(THE TASK)
Each line of the data below from the one holding "Ασημένια παιδικά σκουλαρίκια" to the one holding "да купи пиво…", inclusive, is to be reproduced exactly; no other line belongs in the answer.

(TASK DATA)
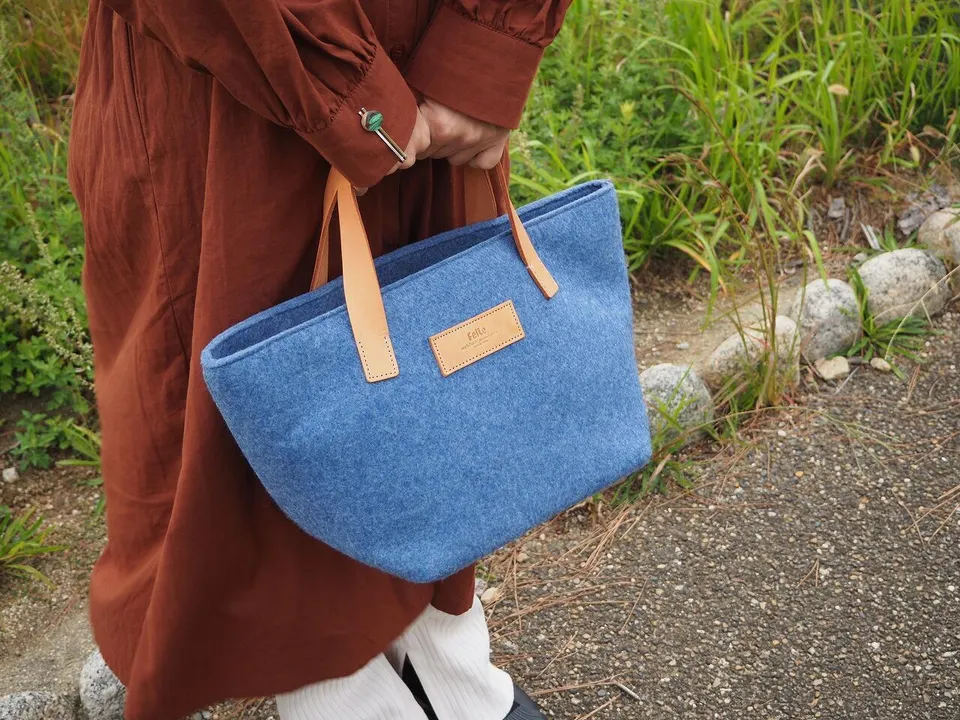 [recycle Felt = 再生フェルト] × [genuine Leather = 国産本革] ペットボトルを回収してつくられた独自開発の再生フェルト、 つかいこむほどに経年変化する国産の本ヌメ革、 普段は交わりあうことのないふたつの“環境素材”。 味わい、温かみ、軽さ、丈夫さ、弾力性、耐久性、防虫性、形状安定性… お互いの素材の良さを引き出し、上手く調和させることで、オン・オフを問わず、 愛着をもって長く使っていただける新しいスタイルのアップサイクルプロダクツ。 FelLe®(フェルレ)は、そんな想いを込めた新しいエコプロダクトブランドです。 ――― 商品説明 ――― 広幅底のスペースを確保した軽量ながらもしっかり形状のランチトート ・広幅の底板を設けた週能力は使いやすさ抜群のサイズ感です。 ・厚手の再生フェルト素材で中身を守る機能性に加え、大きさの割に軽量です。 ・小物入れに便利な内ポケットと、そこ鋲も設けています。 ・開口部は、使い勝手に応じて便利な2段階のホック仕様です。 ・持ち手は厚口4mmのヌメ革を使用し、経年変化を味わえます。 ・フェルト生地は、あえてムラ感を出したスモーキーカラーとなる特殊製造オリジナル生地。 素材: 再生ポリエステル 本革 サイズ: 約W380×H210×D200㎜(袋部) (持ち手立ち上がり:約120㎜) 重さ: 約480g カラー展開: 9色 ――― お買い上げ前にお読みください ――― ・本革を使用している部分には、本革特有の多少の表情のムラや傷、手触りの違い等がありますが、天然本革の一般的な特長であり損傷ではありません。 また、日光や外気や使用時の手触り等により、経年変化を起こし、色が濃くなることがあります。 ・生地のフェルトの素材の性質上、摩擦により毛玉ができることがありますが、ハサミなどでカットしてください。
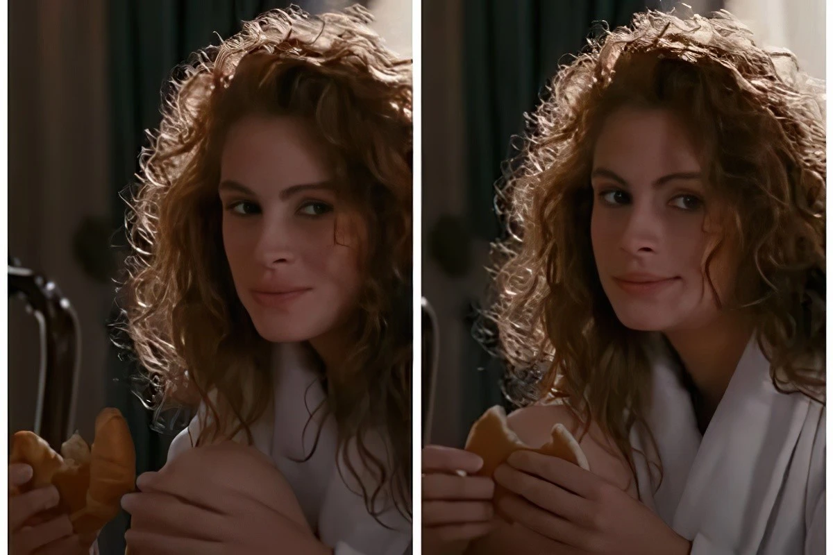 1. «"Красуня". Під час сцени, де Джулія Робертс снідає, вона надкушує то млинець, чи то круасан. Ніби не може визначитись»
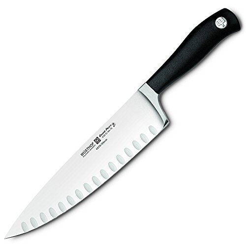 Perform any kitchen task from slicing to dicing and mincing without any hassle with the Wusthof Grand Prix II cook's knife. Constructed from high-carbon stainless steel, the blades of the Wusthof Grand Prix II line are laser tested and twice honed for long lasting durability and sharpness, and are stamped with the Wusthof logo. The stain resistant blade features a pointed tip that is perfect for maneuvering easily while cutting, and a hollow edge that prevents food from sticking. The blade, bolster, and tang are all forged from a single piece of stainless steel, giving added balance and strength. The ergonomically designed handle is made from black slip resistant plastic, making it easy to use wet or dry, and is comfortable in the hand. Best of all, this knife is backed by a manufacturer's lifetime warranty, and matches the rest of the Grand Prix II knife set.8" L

...

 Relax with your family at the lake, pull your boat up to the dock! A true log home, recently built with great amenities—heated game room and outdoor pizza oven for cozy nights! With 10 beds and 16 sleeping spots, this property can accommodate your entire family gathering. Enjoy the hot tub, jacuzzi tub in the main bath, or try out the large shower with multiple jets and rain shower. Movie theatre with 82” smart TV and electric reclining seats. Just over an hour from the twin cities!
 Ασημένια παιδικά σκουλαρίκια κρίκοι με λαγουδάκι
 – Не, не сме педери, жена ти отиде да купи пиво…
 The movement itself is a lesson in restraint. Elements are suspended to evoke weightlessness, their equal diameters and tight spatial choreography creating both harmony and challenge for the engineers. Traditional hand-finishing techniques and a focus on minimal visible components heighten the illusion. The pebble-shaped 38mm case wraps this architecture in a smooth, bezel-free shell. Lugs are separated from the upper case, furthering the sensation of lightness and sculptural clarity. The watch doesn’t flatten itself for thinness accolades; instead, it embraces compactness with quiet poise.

(RESULT)
 Ασημένια παιδικά σκουλαρίκια κρίκοι με λαγουδάκι
 – Не, не сме педери, жена ти отиде да купи пиво…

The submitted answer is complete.